A tale of a life-changing journey through the backroads of a Caribbean island, Allison Coffelt’s lyrically composed Maps Are Lines We Draw seems poised to fit into the well-stocked shelves of the travel memoir section. The book details a road trip through Haiti motivated by the author’s childhood fascination with the island, and the desire to observe and participate in ongoing humanitarian work. Coffelt’s own focused awareness of the function of her genre, and the implications of her own viewpoint, prevent this book from becoming just another tome in the library of complacency. The book provokes questions rather than simply giving us a set of answers.

Coffelt outlines the events of the trip itself over the course of thirteen short chapters. The facts of her journey, the events themselves as she experienced them, are rendered plainly, largely concerning her time spent with Dr. Jean Gardy Marius, a Haitian doctor who founded the medical organization: Organizasyon Sante Popilè (Public Health Organization).

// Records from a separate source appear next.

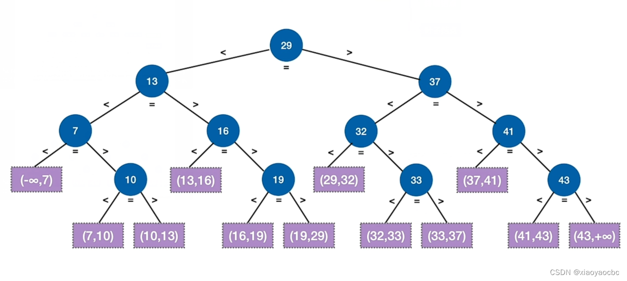 比如说我找20,最后会指向19这个节点的右子树,这个右子树所代表的范围就是(19,29)。
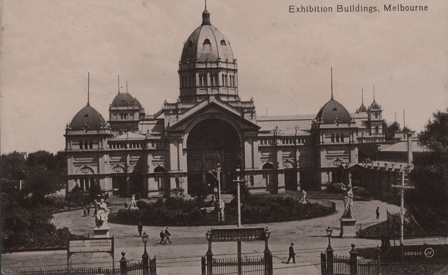 A black & white photograph of the Exhibition Building showing the eastern facade, annexe to the right, circular garden and path, statuary and lamps in garden, metal fence and gates into Nicholson Street, notices, statues and people. On the reverse there is a handwritten message and address in black ink. In the upper right hand corner there is a red one penny Australian postage stamp showing a profile of Edward VII and postmarked Western Australia, 26 April 1915. The card was written aboard the TSS Hororata at Fremantle and was published by Valentine & Sons.
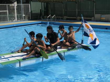 8月31日(水)アドベンチャーIN多摩川 公開日 2016/08/31 更新日 2016/08/31 その他 8月28日(日)に実施予定のアドベンチャーIN多摩川でしたが、天候不良のため中止となりました。 夏休みに一生懸命いかだ作りをした子ども達、保護者の皆様のためにも「いかだに乗船しよう!」ということで、本日用賀小学校のプールで、いかだに乗船しました。 保護者の皆様、教職員一同で、頑張った子ども達を賞賛しました。
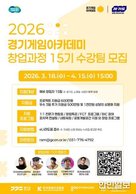 한민일보 서울포커스 김윤이 기자 | 경기도와 경기콘텐츠진흥원이 대한민국 게임산업의 미래를 이끌어갈 ‘2026 경기게임아카데미’ 창업과정 15기 수강생을 4월 15일까지 모집한다.
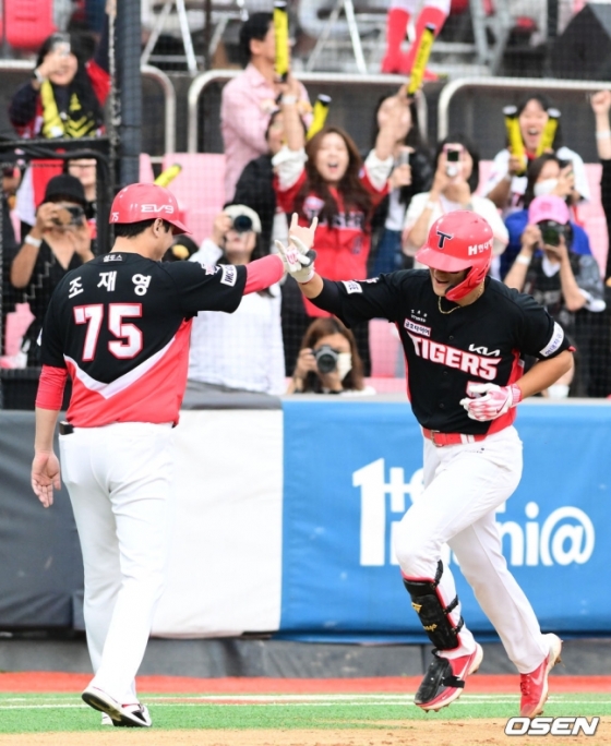 KIA 타이거즈가 활화산처럼 터진 막강 화력을 앞세워 KT 위즈를 꺾고 더블헤더 1차전을 승리로 장식했다. 가을야구를 향한 희망도 계속해서 이어갔다.
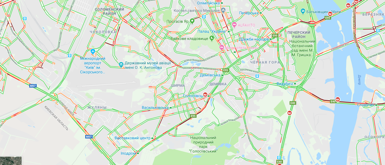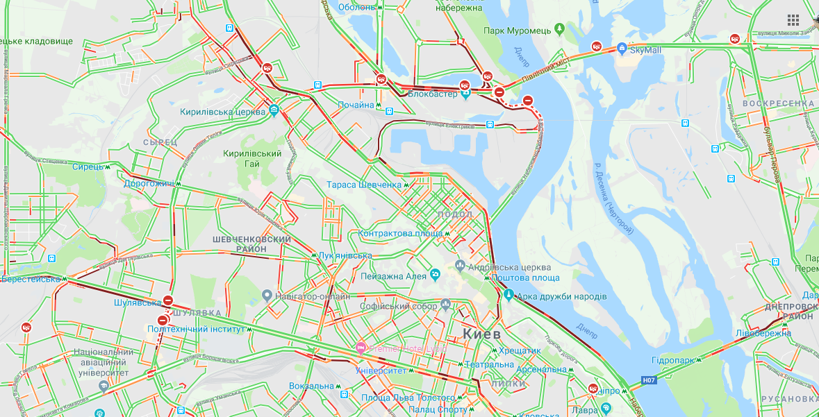 Сложнее всего проехать по проспекту Победы - от метро "Шулявская" до "Житомирской". Также стоят машины на Воздухофлотском проспекте и проспекте Леся Курбаса, улицах Вадима Гетьмана, Юрия Ильенко, Вячеслава Черновола, бульваре Тараса Шевченко, Владимирском спуске, Набережном шоссе, проспекте Валерия Лобановского.
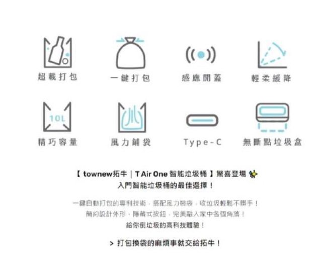 物品:全新拓牛智能垃圾桶,T Air One。包含專用垃圾袋8入(全新未拆封)垃圾桶全新
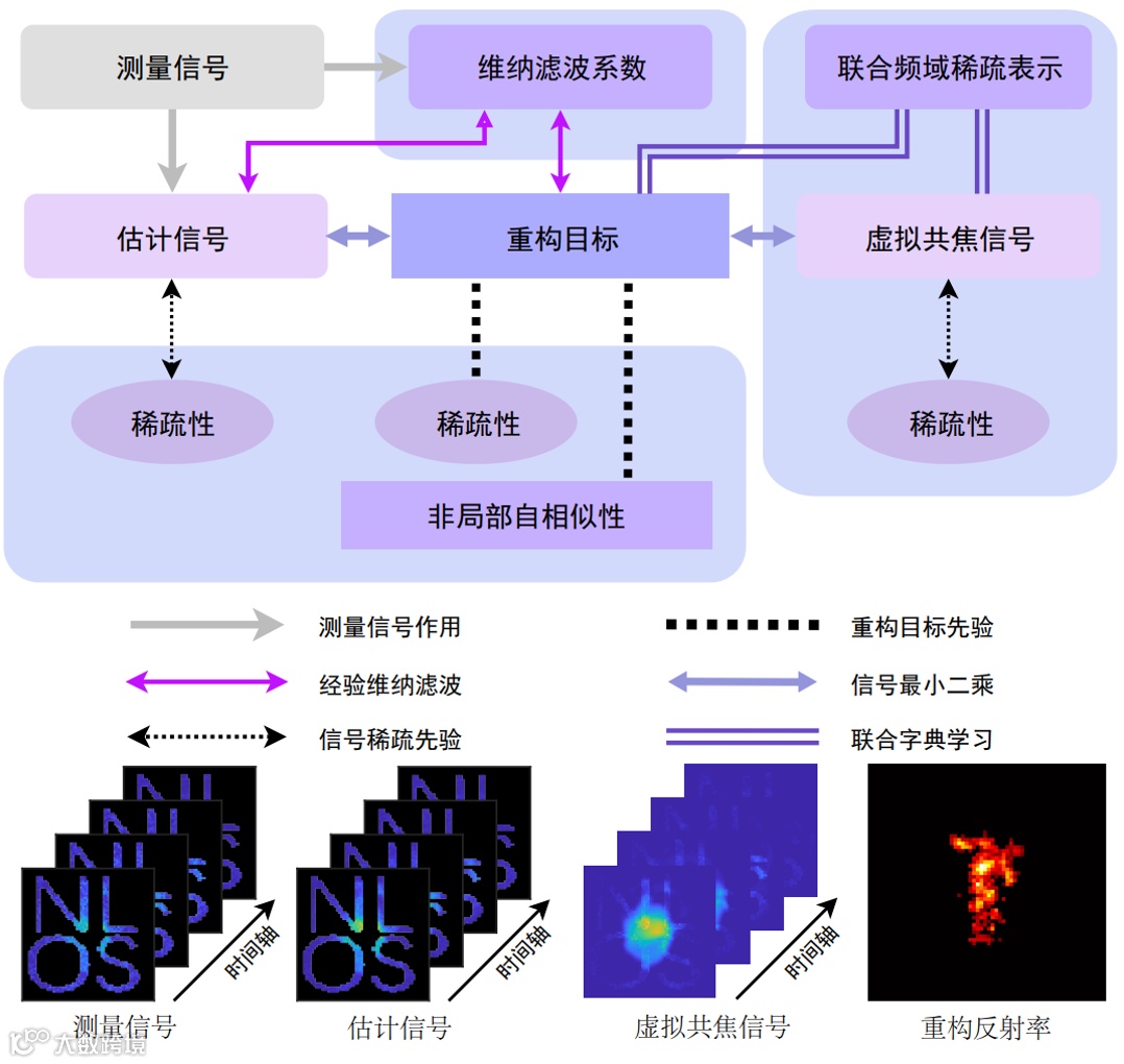针对以上难题,研究团队提出了CC-SOCR重建方法,一举突破了传统非视域成像的场景范式,对于任意中介面形态(如图1b-1e所示的栅栏、百叶窗、窗框、异形结构等)均可实现准确成像。CC-SOCR方法基于贝叶斯推断,创造性地引入了虚拟共焦信号,并能够同时获取测量点处的低噪音估计信号、虚拟共焦信号及非视域目标的反射率与法向信息。同时,该方法发展和融合了稀疏优化、非局部自相似先验、双向正交字典学习、经验维纳滤波及联合频域稀疏表示等技术,具有优异的模型可解释性。图2展示了新方法的框架图及雕像实例的重构结果。其中,测量点限定于中介面上N、L、O、S字母内部区域。
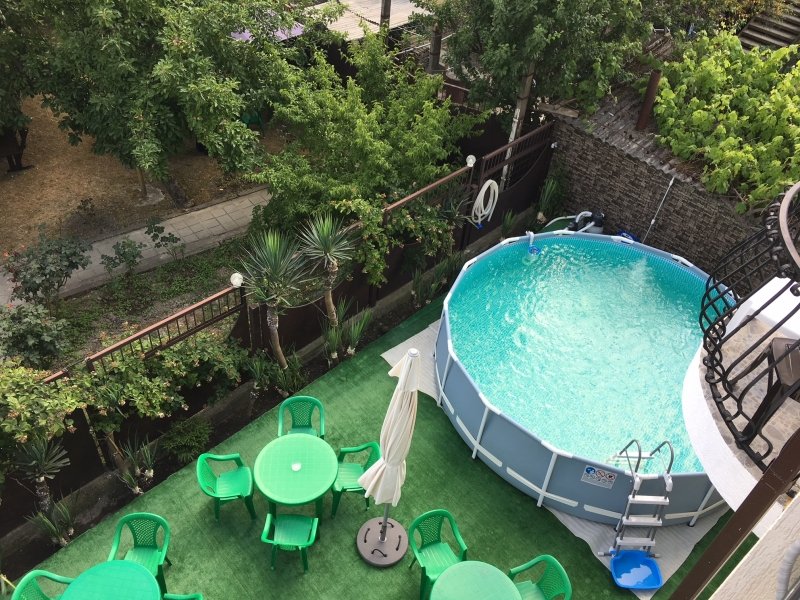 Вилла "Вишнёвая" находится в тихом месте, где нет шума от машин, дискотек и толп отдыхающих. К услугам наших гостей бесплатная парковка, кухня, площадка для отдыха в тени фруктовых деревьев с мангалом и павильоном. Для детей детская площадка и каркасный бассейн.
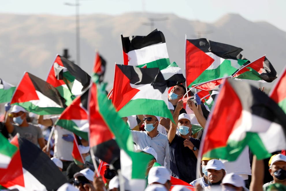在以色列計畫併吞的約旦河西岸耶利哥市(Jericho),巴勒斯坦解放組織(Palestinian Liberation Organization,PLO)號召巴勒斯坦民眾揮舞國旗抗議,要求以色列放棄他們的併吞大計。
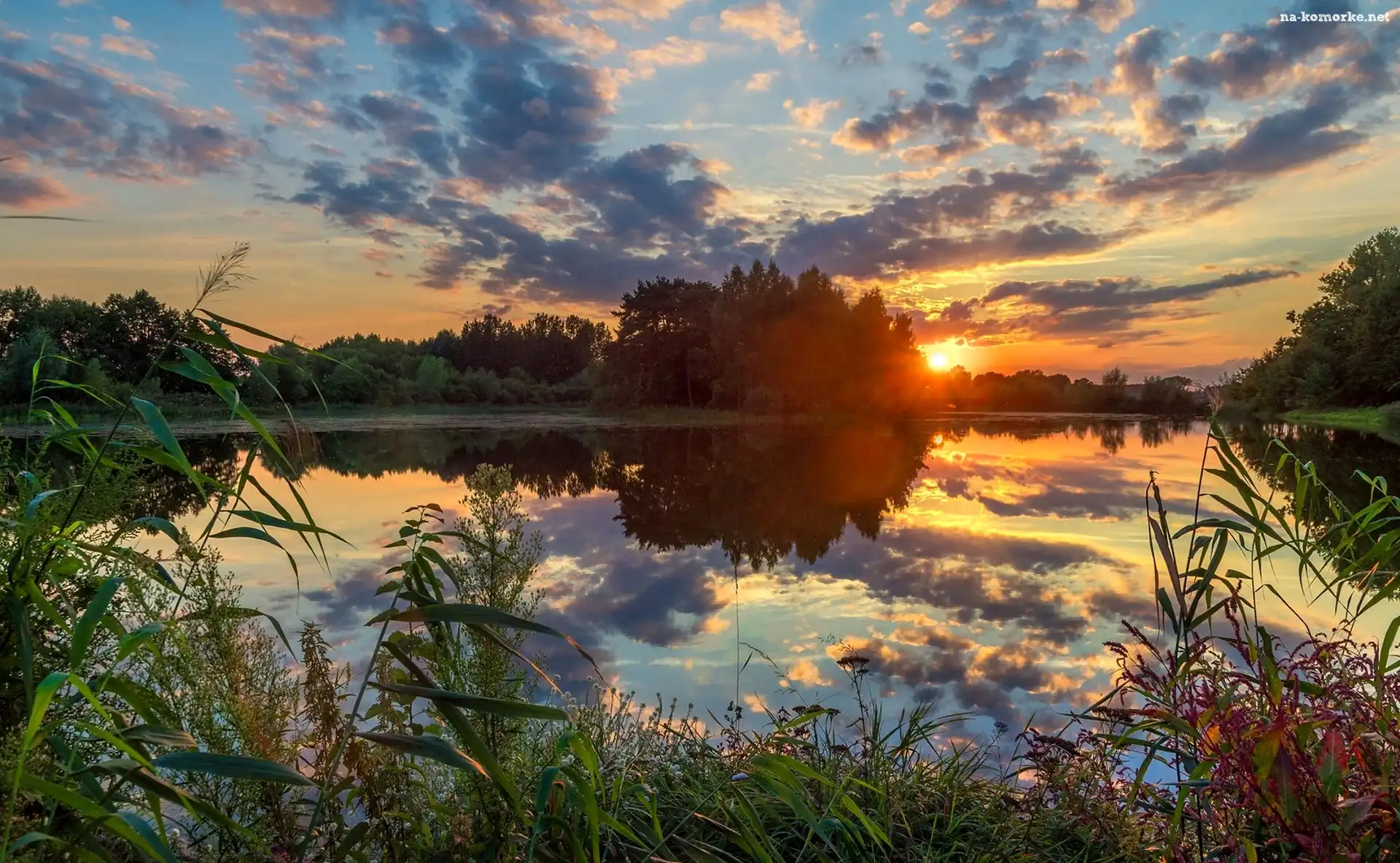 Rośliny, Drzewa, Jezioro, Odbicie, Chmury, Zachód słońca na Komórkę
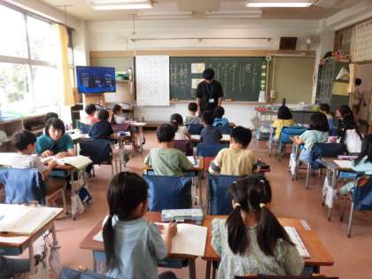 1年生の授業は国語です。文をつくる学習です。
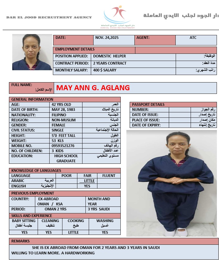 Name - English MAY ANN GONZALES AGLANG
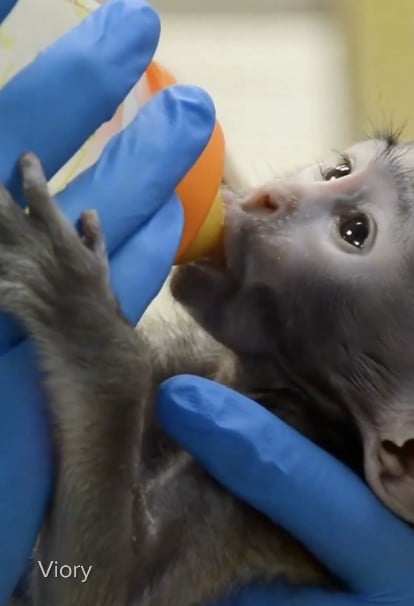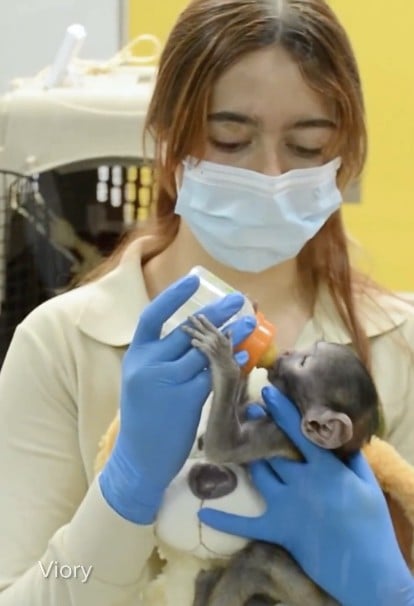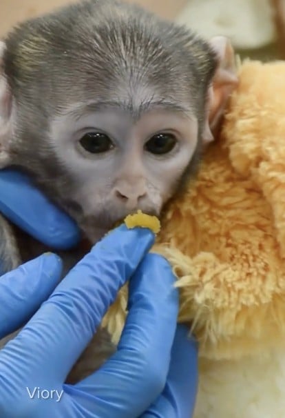 Un detalle que ha robado el corazón de los visitantes es que el pequeño mono no suelta un peluche de su misma especie.

The dialogues between Coffelt and Dr. Marius, or “Gardy,” are deep, often emotional exchanges, whether haggling for fruit at a roadside stand, exploring Gardy’s own personal history or encountering the reality of impoverished life on the island in various ways. These conversations, and the experience of assisting Gardy and his team run their affordable medical clinics, form the narrative core of the book.

In an abbreviated, rhythmic style that occasionally flirts with prose poetry, Coffelt interpolates historical facts among Gardy’s narrative, such as the Haitian Revolution’s impact on French colonial policy, leading to the Louisiana Purchase and the U.N.’s role in a deadly cholera outbreak in the wake of the 2010 earthquake is. In the context of OSAPO’s sacrifices, this is especially devastating and challenges the narratives of aid told to us through fundraisers and mission trips.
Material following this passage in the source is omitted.